It's Better Abroad

Pros and cons of teaching abroad

As it has been said, teaching abroad isn’t for everybody. Each program you will encounter will require some prerequisites and the proper attitude, but will offer unique challenges and personal incentives to the right individual. Here is an impartial analysis of opportunities confronting both sides of the arguments you need to consider before deciding to teach abroad. Beyond the opportunities for those able to teach within specialized disciplines, there is an incredible demand for TEFL (Teaching English as a Foreign Language) or ESL (English as a Second Language) teachers in non-English speaking nations. This demand coupled with job placement opportunities offered by TEFL certificate programs and school groups makes finding a foreign teaching job easier than you think. On the other hand, you must consider that many of the fulltime teaching jobs require Bachelor’s degrees and TEFL certificates are a must if you are serious about making a career of teaching in foreign countries. The qualifications will obviously depend upon the employer, but a college degree and relevant experience will help you land the right job for you.

Most exciting for some when considering teaching abroad is the opportunity to educate one’s self. Being able to live in foreign country, learn the language, study the culture firsthand and travel on days off is something that many dream of, but few are able to realize. You will be exposed to new food, music and customs but still have e-mail to relay your astonishing experiences back home. Yet, if you have difficulty leaving the comforts of your home or can’t live without a particular American item, this sense of awe could easily become an unbearable sense of culture shock. You must also realize that teaching is a fulltime job that requires incredible patience and commitment. While most positions don’t represent permanent employment, they also aren’t vacations. Though the right surroundings can make your experience worthwhile, you shouldn’t select your travel location based on sightseeing aspirations.

Considering the financial aspect, it is possible to earn more than enough money to live comfortably and travel during free time while teaching abroad. The income will obviously be contingent upon many factors, including the location of the school and your qualifications. When deciding where to study abroad, you must first consider your destination’s cost of living. Calculate your expected personal expenses, both here and abroad. Then, see if any programs cover the cost of housing, insurance and utilities while teaching. The difficulty here lies in the fact that it may be difficult in some situations to pay any of your bills back home with a modest salary. Also, as most of these positions are temporary they lack the job security and advancement possibilities one might have at home.

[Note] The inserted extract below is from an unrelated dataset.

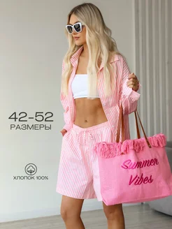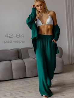 Летний костюм оверсайз с рубашкой и брюками больших размеров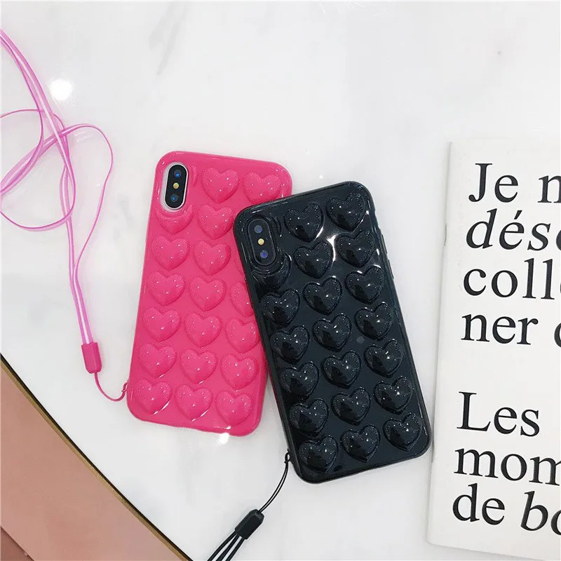 Finest Moskado 3D Love Heart Phone Case For iPhone 11 7 6s Plus Cartoon Fashion With Lanyard Cover For iPh

One thing taken for granted by many before teaching abroad is the possibility to meet and interact with interesting people unlike anyone at home. You will develop lasting friendships and important professional relationships while teaching everyone from young children to corporate executives. Many teachers take great pride in the fact that their students stay in contact years after returning home.

Despite this fact, you may also experience a distinct sense of isolation while teaching abroad. This detachment from the known world allows many to focus wholeheartedly on teaching while forgetting previous worries; the experience can easily be eye-opening and enriching if the proper motivation exists. When necessary, many teachers even like the added challenge of developing their own curriculum with limited supplies or English language materials. But there will come days when you will simply want to go home. Based on where you are teaching, you may find yourself surrounded by poverty or difficult political circumstances, struggling to adapt to the foreign language and culture. Maybe you will lose patience with your students or find the program to be boring and repetitive. At times like these, you must remember that most teaching opportunities require a contract and if you choose to abandon your requirements, you might never find a similar job again.

In summation, the most important thing to realize when considering teaching abroad is that one person’s pro may be another’s con. Everyone’s experience will be unique, as each opportunity requires special skills and returns different rewards. If you find the right position for yourself, firm commitment and motivation may easily overcome many of the cons mentioned here.